More Brahms, less 'Brahmsian'

February 17, 2013

If San Antonio Symphony music director Sebastian Lang-Lessing conducts nothing more this season, he’s earned his salary and his laurels with luminous, acutely observed accounts of Johannes Brahms’s Third and Fourth symphonies, Feb. 15 and 16, respectively, in the Majestic Theatre.

The two symphonies were hardly the only distinguished performances in this extended weekend of Brahms Festival concerts. The Feb. 15 program opened with the Violin Concerto in a performance of unsurpassed integrity by the Ukrainian-born Israeli violinist Vadim Gluzman. The next evening, Mr. Gluzman and the charismatic Chinese-born cellist Jian Wang fronted the orchestra in the Double Concerto. 

On Feb. 14, Mr. Gluzman and his wife, the pianist Angela Yoffe, joined Camerata San Antonio in an extraordinary evening of Brahms’s late chamber music. The Violin Sonata in D Minor was flanked by the Clarinet Sonata and the great Clarinet Quintet, featuring the symphony’s top-notch principal clarinet, Ilya Shterenberg -- another Ukrainian expatriate.

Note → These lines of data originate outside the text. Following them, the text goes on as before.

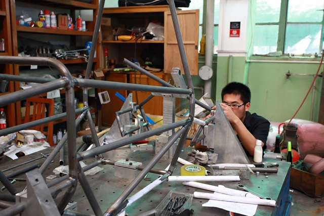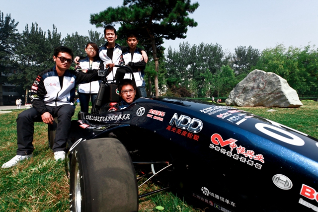 在缺少技术的情况下,队员们不断探索,通过翻译国外技术论文、咨询国际一流车队、调研国内赛车行业等方式,积累了一定的设计资料,历时6个月完成了赛车的设计、制造工作。由于没有专业的赛车测试场地,车队先后转战良乡校区和通州卡丁车场进行赛车性能的调试,最终克服了重重困难,于10月初完成了赛车的测试及车手训练工作。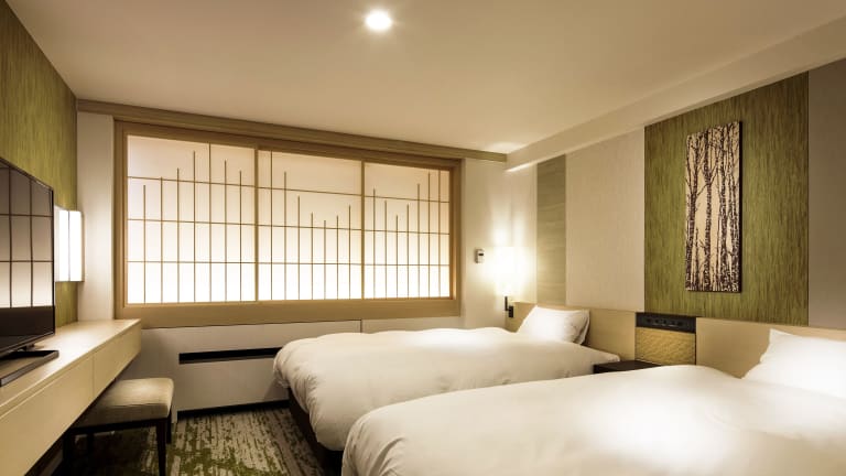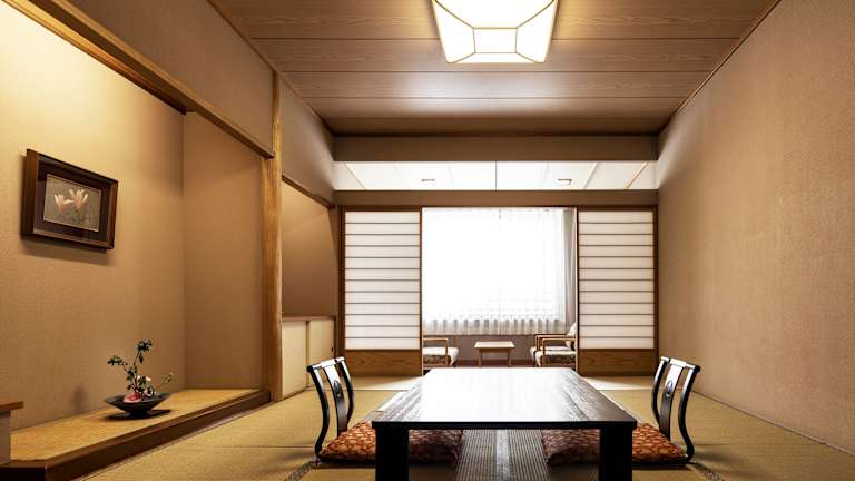Das Resort verfügt über insgesamt 399 Zimmer, die sich je nach Kategorie in 4 separaten Gebäuden auf dem Gelände befinden. Jedes Zimmer ist im traditionellen japanischen Stil eingerichtet und bietet Tatami-Böden aus gewebtem Stroh sowie Futon-Betten. Zur Ausstattung gehören ein Flachbild-TV, ein Kühlschrank und kostenfreies WLAN. Entspannen Sie sich in einem Yukata-Bademantel und genießen Sie eine Tasse Tee auf den Sitzkissen.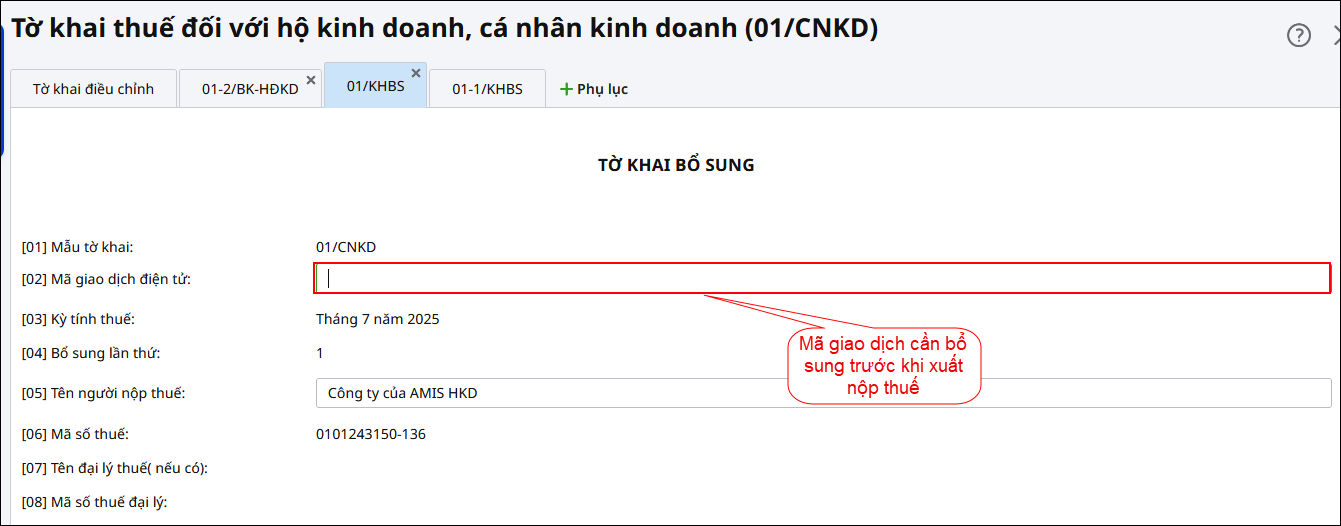 Do trên tờ khai bổ sung, đơn vị đang để trống chỉ tiêu Mã giao dịch điện tử ở phụ lục 01/KHBS

Evidence of Mr. Lang-Lessing’s deeply inquisitive study of the scores pervaded the performances of the two symphonies. Dynamics, tempi, articulation and expression marks were rendered in unusually high relief -- not just dutifully, but to clear musical and dramatic purpose. Some passages verged on the shocking, as in the conductor’s pedal-to-the-metal accelerando in the few measures leading into the development section of the Third Symphony’s opening movement. In the Fourth Symphony the splendid horns and trombones, rather than fitting politely into a “Brahmsian” texture, often took on a more aggressive, martial quality than is customary.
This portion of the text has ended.